Philip adds that the policy’s unfairness and arbitrary nature are shown by the fact that her sister still lives in the UK and receives a full uprated pension.
During a House of Lords debate in May, the Conservative life peer Lord Randall of Uxbridge described the frozen pensions policy as an injustice that “affects many of the Windrush generation and many others, too, throughout the world”.
In the past, ministers have conceded that the rules are illogical. However, they argue it would be too expensive to uprate the pensions of those affected – estimates suggest more than £500m a year – and money should be targeted at the poorest pensioners in the UK.
A government spokesperson says: “This issue of pensions is completely unrelated to issues experienced by the Windrush generation. The government continues to uprate state pensions overseas where there is a legal requirement to do so – for example, in countries where there is a reciprocal agreement that allows for uprating.”

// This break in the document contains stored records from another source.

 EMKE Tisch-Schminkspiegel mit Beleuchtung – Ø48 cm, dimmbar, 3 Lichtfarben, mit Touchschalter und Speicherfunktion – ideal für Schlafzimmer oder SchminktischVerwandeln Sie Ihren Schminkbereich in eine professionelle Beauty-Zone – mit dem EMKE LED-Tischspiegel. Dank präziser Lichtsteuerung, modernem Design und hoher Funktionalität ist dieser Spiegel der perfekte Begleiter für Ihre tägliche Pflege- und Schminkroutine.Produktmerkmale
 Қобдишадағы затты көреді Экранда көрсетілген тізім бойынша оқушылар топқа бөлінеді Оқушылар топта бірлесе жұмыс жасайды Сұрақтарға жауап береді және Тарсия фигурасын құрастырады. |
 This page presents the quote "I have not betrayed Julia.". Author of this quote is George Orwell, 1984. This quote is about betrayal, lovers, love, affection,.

The spokesperson added: “We are determined to right the wrongs of the Windrush generation, which is why the home secretary is driving change to implement the findings of the Lessons Learned review to ensure nothing like this will happen again.”
How the policy works
The UK’s frozen pensions policy dates back to just after the second world war and has been a source of complaints for decades.

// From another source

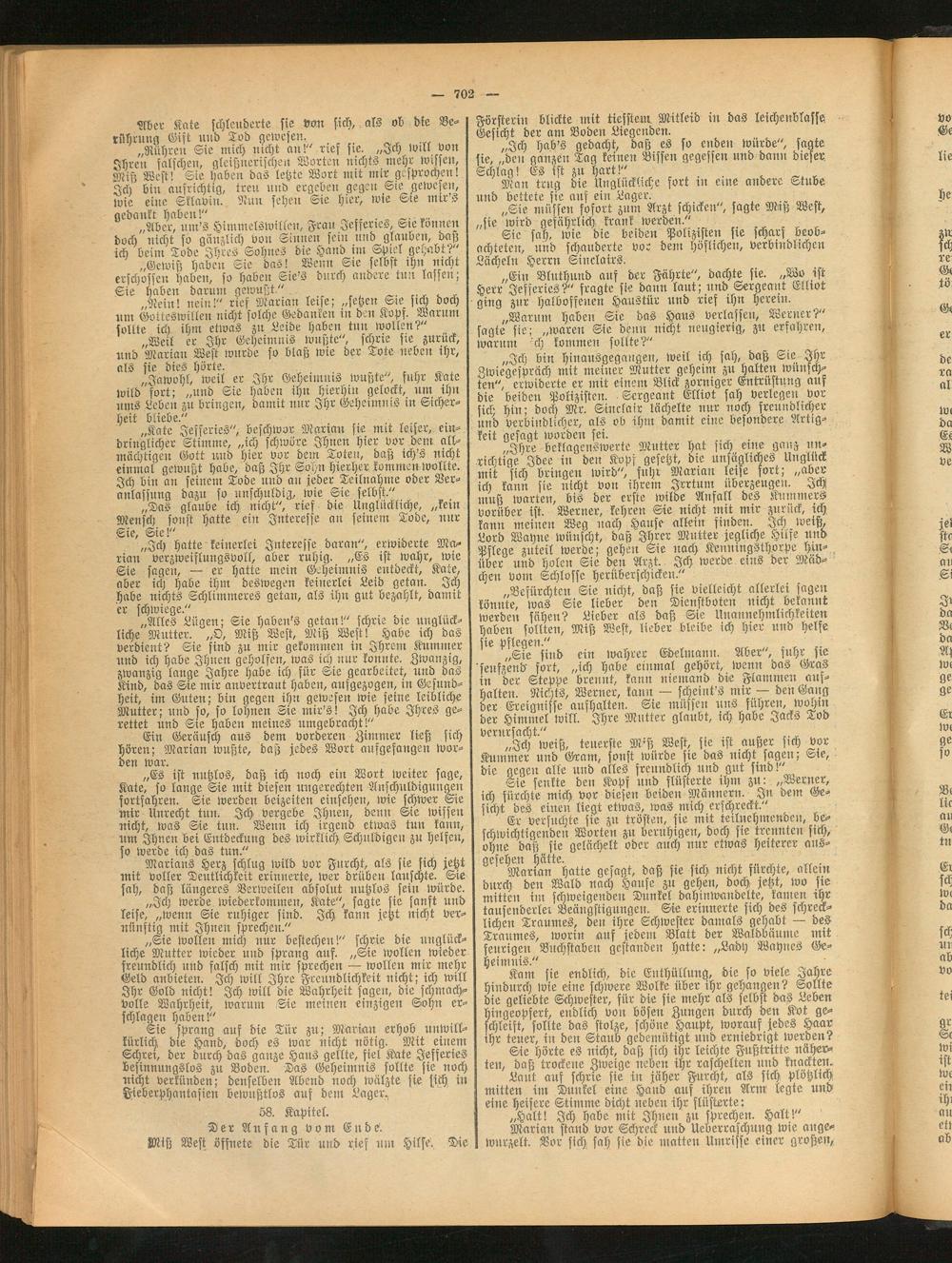 „Alles Lügen; Sie haben's getan!" schrie die unglückliche Mutter. „O, Miß West, Miß West! Habe ich das verdient? Sie sind zu mir gekommen in Ihrem Kummer und ich habe Ihnen geholfen, was ich nur konnte. Zwanzig, zwanzig lange Jahre habe ich für Sie gearbeitet, und das Kind, das Sie mir anvertraut haben, aufgezogen, in Gesundheit, im Guten; bin gegen ihn gewesen wie seine leibliche Mutter; und so, so lohnen Sie mir's! Ich habe Ihres gerettet und Sie haben meines umgebracht!"

The general position is that the state pension is payable overseas but, where someone is not “ordinarily resident” in the UK, there is no entitlement to an annual increase. Their pension is frozen at the rate on the date they left the UK or when they became entitled to it if they were living abroad at the time.
However, increases are payable to pensioners living in countries with which the UK government has a “reciprocal social security agreement” that provides for them, as well as those living in the European Economic Area (EEA), plus Switzerland and Gibraltar.

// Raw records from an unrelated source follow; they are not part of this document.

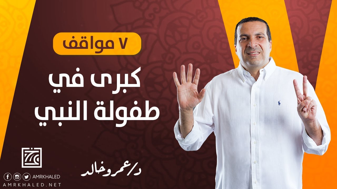 الدكتور عمرو خالد، عبر مقطع الفيديو المنشور على صفحته الشخصية على موقع "يوتيوب" لمشاهديه ومتابعيه عن 7 مواقف كبرى في طفولة النبي المصطفى صلى الله عليه وسلم، داعيا إلى تعليمها إلى أولادنا.
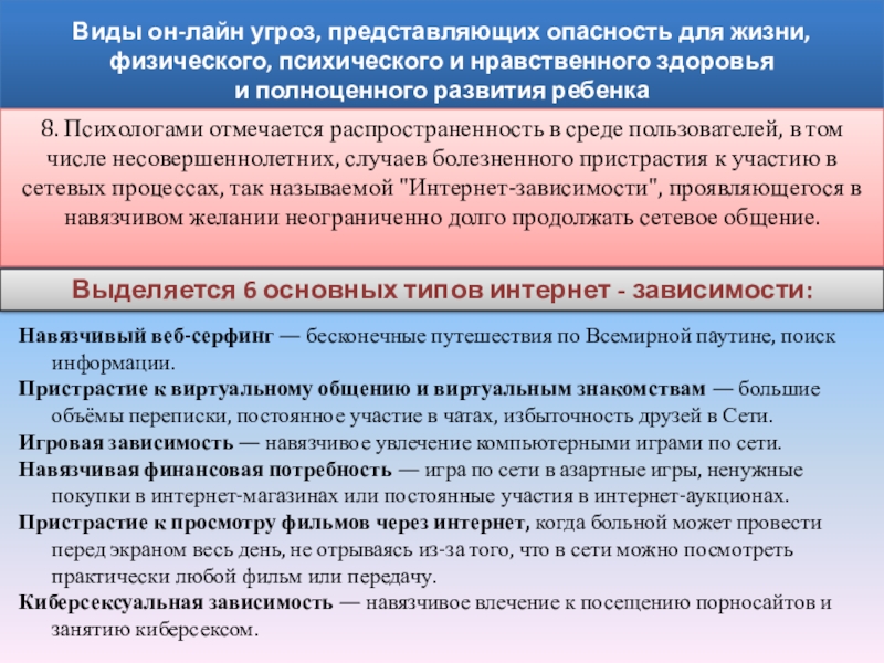 8. Психологами отмечается распространенность в среде пользователей, в том числе несовершеннолетних, случаев болезненного пристрастия к участию в сетевых процессах, так называемой "Интернет-зависимости", проявляющегося в навязчивом желании неограниченно долго продолжать сетевое общение.
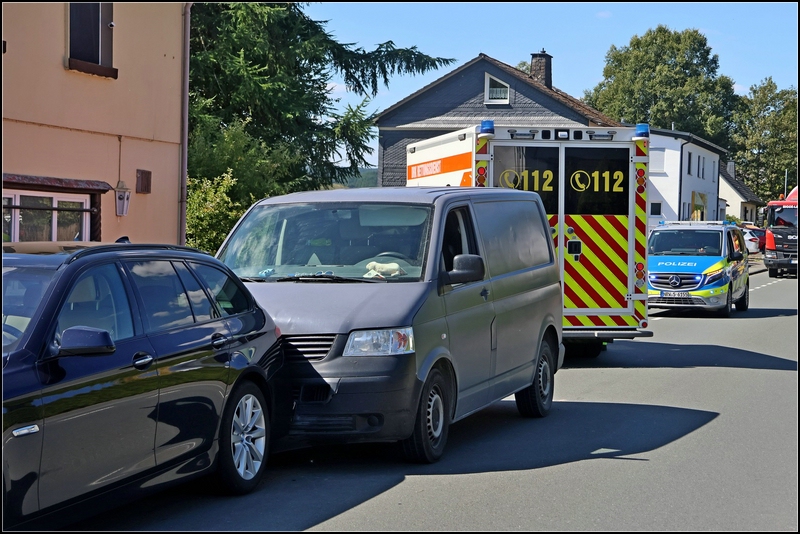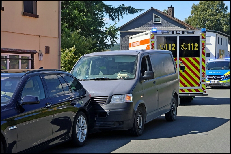 Da der BMW über eine Anhängerkupplung verfügte, verkeilte sich der VW Bus darin und konnte zunächst nicht mehr vom BMW getrennt werden. Ein Abschleppwagen mit Kran musste anrücken, um den Bus anzuheben und abschleppen zu können. Da sich der BMW dann beim Versuch, den Bus anzuheben jedoch immer mit anhob, wurde noch ein Trecker aus der Nachbarschaft zur Hilfe gezogen, womit es dann gelang, die Unfallfahrzeuge voneinander zu trennen. Der Fahrer des BMW blieb beim Unfall unverletzt. Die Fahrerin des VW Bus wurde zwar nicht verletzt, kam aber aufgrund der sehr fortgeschrittenen Schwangerschaft vorsorglich mit dem DRK Rettungsdienst ins Krankenhaus nach Bad Berleburg. Die genaue Schadenshöhe konnte noch nicht beziffert werden.
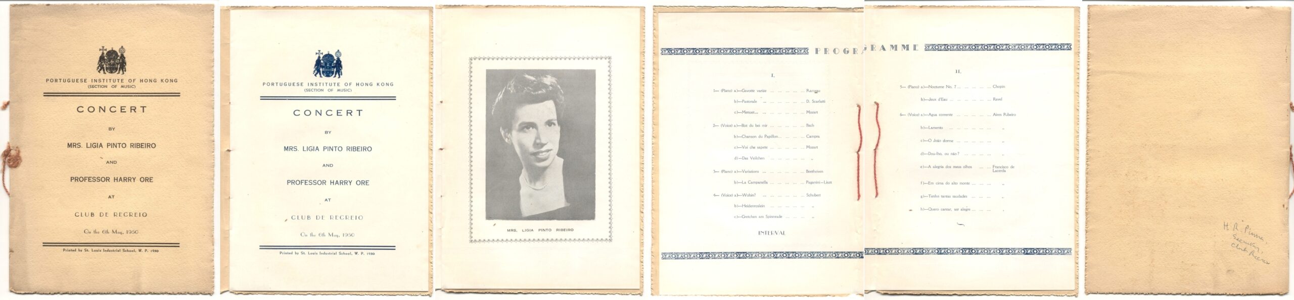 Programme of Concert by Ligia Pinto Ribeiro and Prof Harry Ore at Clube de Recreio, 6 May 1950
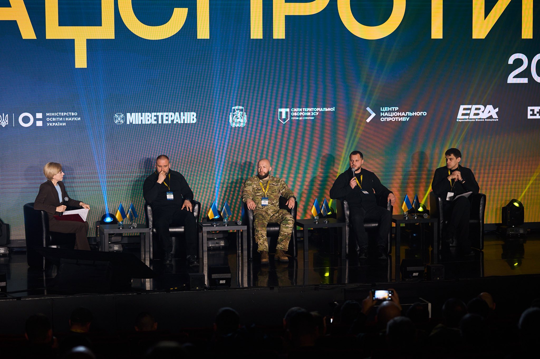 Форум відкрила та модерувала першу панель заступниця керівника Офісу Президента Ірина Верещук, долучилися представники Сил територіальної оборони, командування Третього армійського корпусу та начальники Закарпатської, Запорізької та Харківської областей, які мають розвинуті системи центрів нацспротиву.

The current list on the Department for Work and Pensions website includes Barbados, Bermuda, Bosnia-Herzegovina, Israel, Jamaica, Kosovo, Mauritius, Montenegro, North Macedonia, the Philippines, Serbia, Turkey and the US.
Confusingly, although the UK has social security agreements with Canada and New Zealand, you cannot get a yearly increase in your UK state pension if you live in either of those countries.
If a country does not appear in any of those categories, the UK state pension is not annually uprated there.
Criticism of the policy began to build during the early 1960s and over the years there have been legal challenges and campaigns but nothing has managed to overturn the status quo.
The government has said that post Brexit it will continue to annually increase UK state pensions for Britons living in the EEA or Switzerland by 31 December 2020 for “as long as they continue living there”.
However, the picture is a lot less clear for those who move to an EEA country or Switzerland from 1 January 2021 onwards, as this is part of the current negotiations with the EU.
What you can get elsewhere
If you move to a country where the UK state pension does not increase, you may find you are entitled to a pension or other benefits under its own system. But the rules can be fiendishly complicated and there will often be restrictions on what you can get.
For example, in Australia there is the Age Pension for those aged 66-plus but this is means-tested and British migrants are not eligible until they have been an Australian resident for at least 10 years. The maximum basic rate for a single person is A$860.60 (£478) a fortnight but the income and assets tests carried out may well greatly reduce what you receive.
In Canada the Old Age Security (OAS) pension is a monthly payment available to those aged 65-plus who meet the country’s legal status and residence requirements. To get it, you need to have lived in Canada for at least 10 years since the age of 18. What you receive will depend on how long you have lived there after the age of 18. For example, if you have lived there for 40 years or more, you will qualify for the full OAS pension.